Потрясение, вызванное невольным убийством Ленского, открывает Е.О. опасность и гибельность демонического индивидуализма, приводит его к новому кризису, необходимости вновь изменить жизнь. Покинув места, «где окровавленная тень ему являлась каждый день», Е.О. отправляется в странствие по России. И не только для того, чтобы забыться в дороге: жизнь «без цели, без трудов» становится для него невыносимой.
Маршрут Е.О. не случаен. Его влекут места, связанные с героическими страницами русской истории: Нижний Новгород — «отчизна Минина», волжские просторы, овеянные легендами о Разине и Пугачеве, «жилище вольности» Кавказ, наконец, «брега Тавриды» — место ссылки Мицкевича и Пушкина. Ему необходимо своими глазами увидеть, каково современное состояние России, есть ли в ней источники и возможности осмысленной, исторически значимой деятельности. Итоги долгих странствий Е.О. безрадостны («тоска, тоска!..»). Героический период русской истории, кажется ему, остался в прошлом. В современности повсюду торжествует «меркантильный дух», мелкие, ничтожные интересы. Теперь лишь сфера частной жизни может оказаться для него спасительной. В таком душевном состоянии возвращается Е.О. в Петербург, где и происходит его новая встреча с Татьяной, уже чудесно преобразившейся, ставшей княгиней и придворной дамой — «законодательницей зал».
Противоречив и финал романа. С одной стороны, вспыхнувшая в душе героя страсть знаменует собой возможность и даже начало его духовно-нравственного обновления. С другой — безнадежная любовь к Татьяне приводит его на край гибели. И без того «на мертвеца похожий», Е.О. выслушивает суровую и убийственную для него отповедь Татьяны-княгини, а затем следует внезапное явление мужа-генерала, столь напоминающее явление статуи Командора в «Каменном госте».
Однако Пушкину важна именно принципиальная возможность нравственного возрождения Е.О., ибо подлинным героем романа является не он, а некий «сверхгерой» — современный человек вообще.
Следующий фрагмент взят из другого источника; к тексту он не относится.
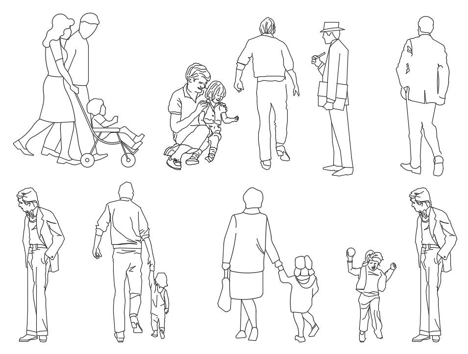 CAD drawing file having various styles of people block design. Women with children, men with children, playing kid, family people blocks, modern girls, office girls, and other types of people block are given in this drawing. These blocks will be useful for civil engineers, architects, and interior designers. You can Download this AutoCAD drawing file. Thank you so much for Downloading the AutoCAD DWG 2d files from our website.
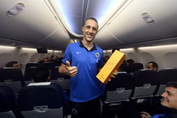 De sfeer zat er na de overtuigende 0-4-zege tegen Kopenhagen goed in bij Club Brugge. Op de tonen van Bará Berê werd de terugvlucht naar België op amusante wijze ingezet. Doelman Mathew Ryan legde de unieke taferelen vast op beeld!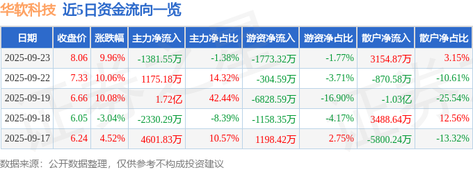 证券之星消息,华软科技9月23日涨停收盘,收盘价8.06元。该股于9点25分涨停,2次打开涨停,截止收盘封单资金为1.71亿元,占其流通市值3.45%。
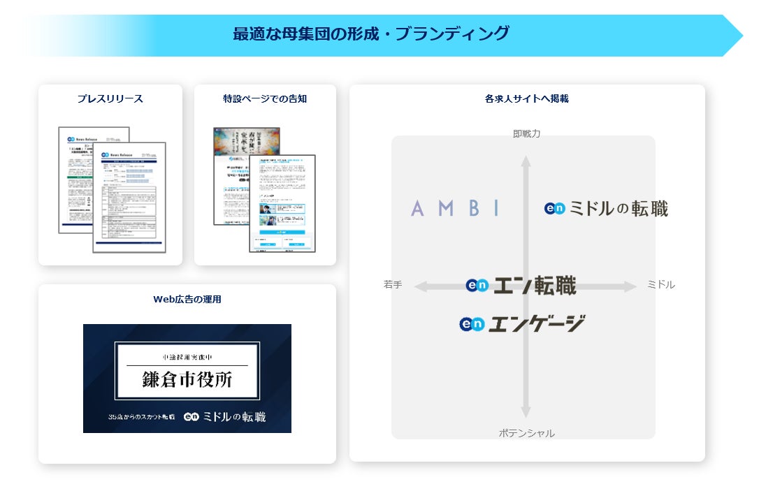 プレスリリースや特設ページ、Web広告での告知に加え、各求人サイトでの集客サポートを実施いたします。『エン転職』『エンゲージ』『AMBI』『ミドルの転職』とターゲットの異なる4つの求人サイトを活用することで、ターゲットへ網羅的に求人を届けます。

С этой точки зрения Ленский, Е.О. и герой-автор, уже изживший демонический комплекс и как бы синтезирующий черты Е.О. и Ленского, представляют собой разные грани этого единого сверхгероя, закономерные этапы его эволюции.
Художественное исследование противоречивого сознания современного человека, его напряженно-конфликтных отношений с обществом и процесса его духовных исканий, впервые предпринятое Пушкиным в «Евгении Онегине», во многом определило магистральную линию развития русской литературы XIX в. и породило целую галерею персонажей, генетически восходящих к Е.О., — от лермонтовского Печорина до героев Ф.М. Достоевского и Л.Н. Толстого.
Лит:
Белинский В.Г. Сочинения Александра Пушкина. Статья восьмая // Белинский В.Г. Полн. собр. соч. М., 1955. XVII;
Писарев Д.И. Пушкин и Белинский // Писарев Д.И. Соч. М., 1956. Т.З. С.306-338;
Ключевский В.О. Евгений Онегин и его предки // Ключевский В.О. Исторические портреты. М., 1990;
Семенко И.М. Эволюция Онегина (К спорам о пушкинском романе) // Русская литература. 1960, №2;
Непомнящий В. Начало большого стихотворения // Непомнящий В. Поэзия и судьба. Над страницами духовной биографии Пушкина. М., 1987;
Лотман Ю.М. Роман А.С.Пушкина «Евгений Онегин». Комментарий. Л, 1983;
Бочаров С.Г. Французский эпиграф к «Евгению Онегину» (Онегин и Ставрогин) // Московский пушкинист. М., 1995.